The study, presented at the San Antonio Breast Cancer Symposium, showed that the pre-treatment, called neoadjuvant chemotherapy, before surgery greatly improved the chances that a woman’s tumor would be completely killed. The pre-treatment approach is used in several forms of cancer to shrink and contain a tumor before a surgeon goes in to cut it out.

It worked best in the youngest women with triple-negative cancer – a surprising finding.

“It is extremely encouraging to know there is a very simple technique that can make a really big difference in terms of coming out the other end with no disease,” said Lori Redmer, former executive director of the Triple Negative Breast Cancer Foundation

For the study, Dr. Sibylle Loibl of the University of Frankfurt in Germany and colleagues looked at data from eight German studies involving more than 8,900 women. They included 700 young women with the triple-negative form of breast cancer.

“Young women with breast cancer are rare, and some data indicate that their prognosis is worse than it is for older women,” said Loibl. “This is not only because their tumors tend to be more aggressive, but because breast tumors that arise in women who are young seem to be a special biological entity.”

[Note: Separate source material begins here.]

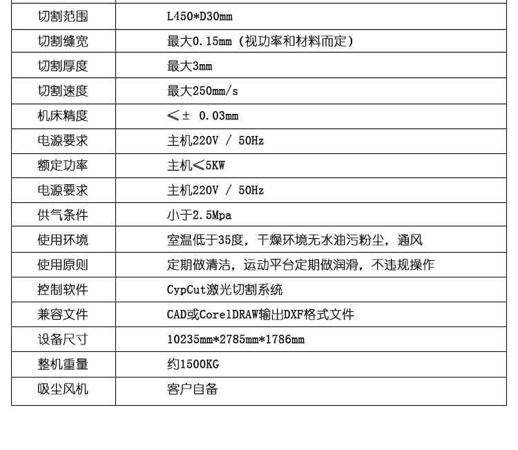 良好的接地:我公司生产的激光设备均配有自动的安全保护装置,只有正确、良好的接地才能使之正常运作,为了保障您的人身财产安全,强烈要求客户为设备提供良好的接地条件。同时,激光电源、切割控制系统均使用了工业微处理器进行数字化控制,只有良好的接地,才能保证他们正常稳定的工作。

Most breast cancer is driven by one of three causes – the hormone estrogen, another hormone called progesterone, or a gene called human epidermal growth factor receptor 2 (HER2). Triple negative isn’t caused by any of these – and it isn’t helped by the many targeted drug treatments that have been developed to fight the other three causes.

Women with triple negative cancer have to take old-fashioned toxic chemotherapy drugs, with all their unpleasant side-effects. Worse, because triple-negative cancer is more likely to strike young women, they aren’t checking for cancer the way older women are, they aren’t getting regular mammograms, and they often don’t find the tumors until they are large and have spread.

That was the case with Redmer, who was 42 when she was diagnosed  in 2010 – with three young children. Her first symptom was severe pain, and her cancer had already spread by the time she was diagnosed. “It is an extremely aggressive, fast-moving tumor,” Redmer said in a telephone interview. “It is a terrifying diagnosis.”

Because her tumor was so large and painful, Redmer didn’t get the pre-treatment with chemotherapy.

Redmer’s cancer has returned and, at the age of 45, she’s had to quit her job with the foundation to concentrate on treatment. That’s very often the case with aggressive cancers.

In Loibl’s study, just under a quarter of the women under 35 with breast cancer got what is termed a “pathological complete response” when they got neoadjuvant chemotherapy. That means the cancer looked gone.

Dr. Michaela Higgins, an oncologist at Massachusetts General Hospital in Boston, says that’s known to be good news. “Those who obtain a pathological complete response are more likely to survive than those who do not,” Higgins said in a telephone interview.

Twenty-five percent may not look good, but among older women, who usually had other types of cancer, the neoadjuvant therapy didn’t help even that much. Just over 15 percent of them had this positive result, Loibl’s team found. The findings reinforce the idea that breast cancer that hits young women is a different disease from the type that affects older women, and must be treated differently.

“The only plus side to having triple negative breast cancer is it does respond better to chemotherapy,” Higgins said. She said these new findings will reinforce the idea that doctors should treat these young women first with chemotherapy, then with surgery.

Patients may wonder if it’s worth going through the pain of chemotherapy, but Higgins said especially for younger patients, it is. “They have more years of life at stake,” she said.

Breast cancer is the second-leading cancer killer of women, after lung cancer. The American Cancer Society projects that 226,870  women will be diagnosed with breast cancer this year and that 39,510 will die of it.

In the United States, 93 percent of women with Stage 1 breast cancer survive for at least five years, but this falls to 15 percent for women with stage 4 – the type that has spread widely.

“To have some good news like this, that can make a difference, is really encouraging,” said Redmer.